The new exhibit features treasured artifacts from Yearwood's life, including a personal letter from Johnny Cash, her wedding dress from when she married husband Garth Brooks, photographs from her childhood and much, much more.

"It's pretty surreal," Yearwood says with a laugh -- especially since, years ago, college-aged Yearwood was a tour guide at the museum.

"I wanted to sing since I was five years old, and so when I moved to Nashville [for college], I knew I wanted to stay here for the summer ... I needed to get a job," she explains. And while the singer admits that she would have taken any job, what she really wanted to do was work at the Hall of Fame.

"I thought, 'What a great job. I could be a tour guide, I could make some money -- minimum wage but still, a job, and I could be in this building with all this stuff,'" Yearwood continues. "It was a dream job, really."

After her star rose in country music, Yearwood spent some time on the CMHOF's board -- and she was just as giddy about that as when she was a young girl pursuing her dreams.

"It was so weird to have a key to the parking lot," she admits. "[The exhibit] would be special to me anyway ... [but] the fact that I had that history with the Hall makes it even more special."

But the road to the Hall of Fame wasn't instant for the singer. If Yearwood would have had it her way, she would have left home at the young age of 15, but her parents held firm on their desire for her to receive an education.

Yearwood explains that she was offered a contract in the early 1980s: A local man from Monticello, Ga., had connections to the music industry in Nashville, and he recorded a demo for young Yearwood in a rather rustic setup.

"He had a studio in a trailer," Yearwood recalls. "He had a microphone set up.
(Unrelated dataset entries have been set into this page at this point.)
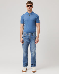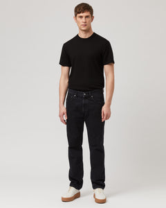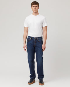 Our Denim program includes a high waisted straight leg fit for women in four different washes, and a regular fit tapered leg for men that comes in three washes. The model is based on a classic five pocket and all components and hardware are made in Italy. The fabric is regenerative cotton, and the buttons and rivets are made from recycled metal.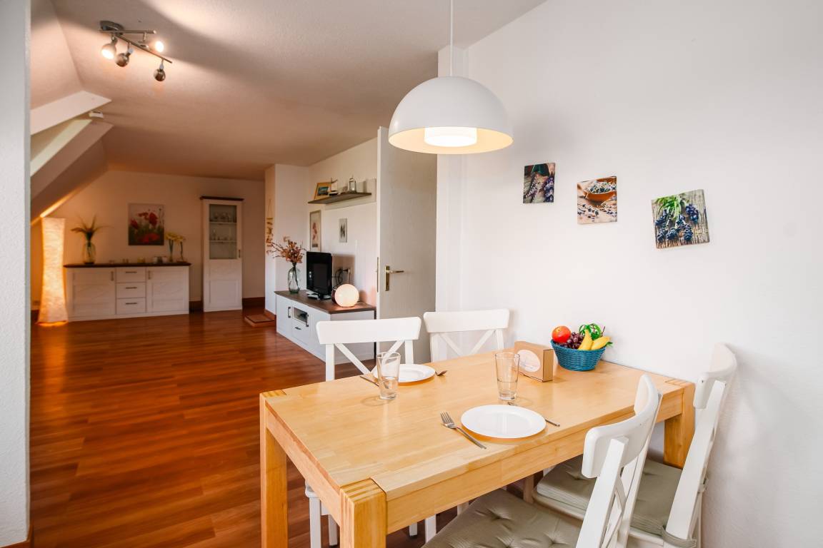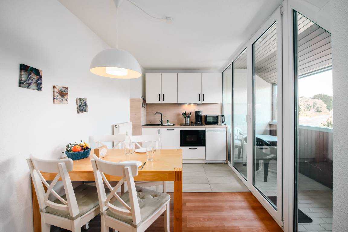 Die sich anschließende, erneuerte und offene Küchenzeile bietet Ihnen einen Kühlschrank, einen 4-Platten-Herd, einen Geschirrspüler sowie eine Mikrowelle mit Grill- und Heißluftfunktion. Auch diverse Küchenkleingeräte (Wasserkocher, Kaffeemaschine...) sind vorhanden. Ein kleiner Essbereich für 4 Personen rundet das Gesamterlebnis gekonnt ab.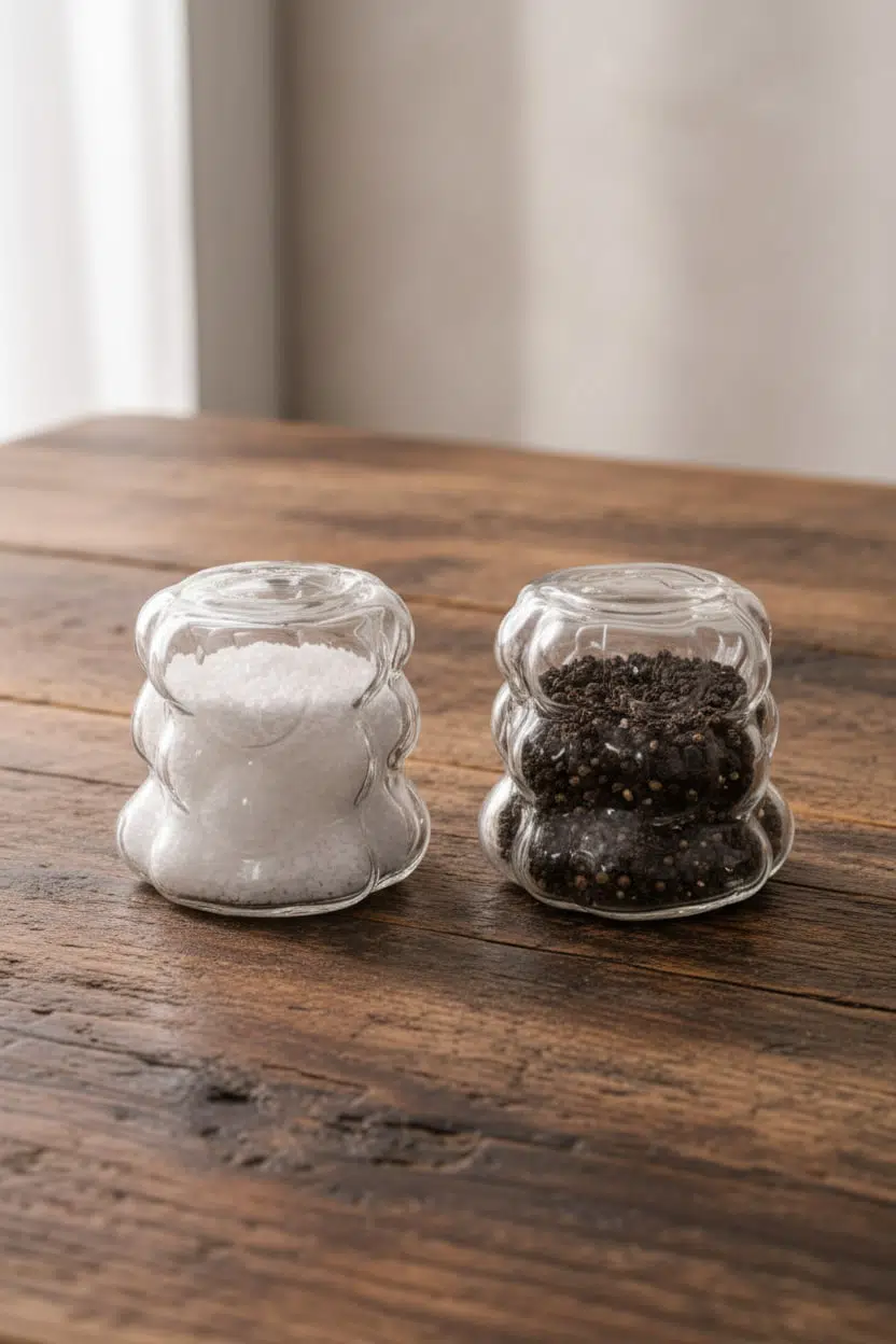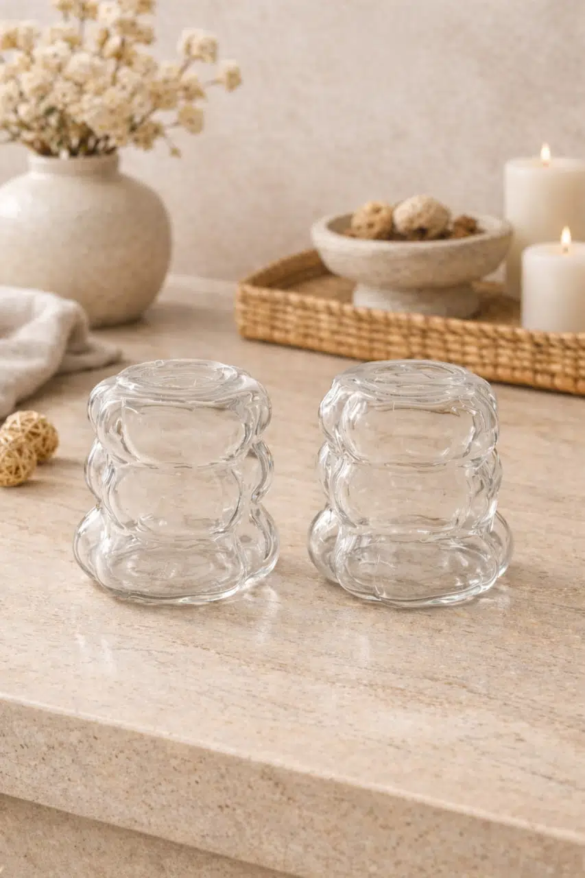 2 adet cam baharatlıktan oluşan set, hem günlük kullanım hem de misafir sofraları için şık bir alternatiftir.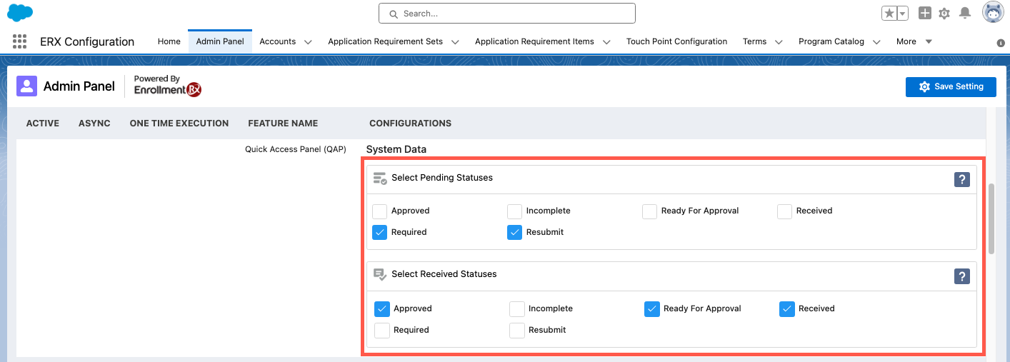 - Item’s Document Status is equal to one of statuses selected through “Select Pending Statuses” in the Admin Panel’s “Quick Access Panel” section, configured as shown here:
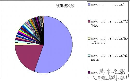 某電影網(wǎng)站,注冊(cè)僅3年,兩百萬(wàn)流量,下文簡(jiǎn)稱電影站,在百度站長(zhǎng)平臺(tái)查詢鏈接后用導(dǎo)出功能下載到本地,排序后生成excel的餅圖,(如圖一)我們可以清晰地看到,該站即便鏈接數(shù)最多的的來(lái)源,所占鏈接比例也沒(méi)有超過(guò)20%,其鏈接數(shù)量分布非常均勻。
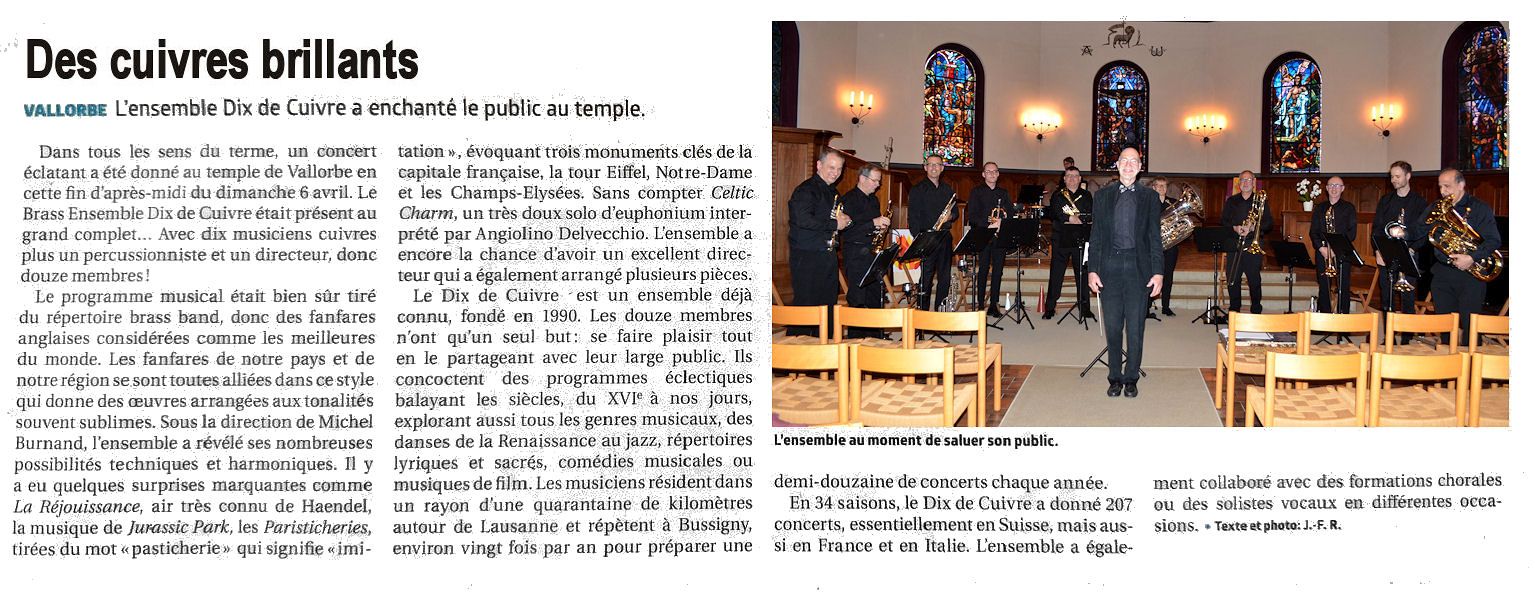 Article de presse du concert de Dix de cuivre à Vallorbe le 6 avril 2025

He had twin mattresses set up for baffling."

That recording sparked interest, and when her connections came home from Music City, Yearwood recalls, they said, "We think she’s really good; if you just give us $5,000, we’ll make a real, professional demonstration tape for her, and then we’ll get it sent around to all of the record labels."

"I was in, man. I was 15, and the car's packed up, and I was ready to go," she adds with a laugh. But her mom said, "That's not going to happen."

The experience did, however, provide a huge boost of confidence for Yearwood, giving her confirmation that music was her future. Little did they all know that, years later, tour guides at the Country Music Hall of Fame would be giving tours through Yearwood's own exhibit.

Trisha Yearwood: The Song Remembers When is scheduled to run through December.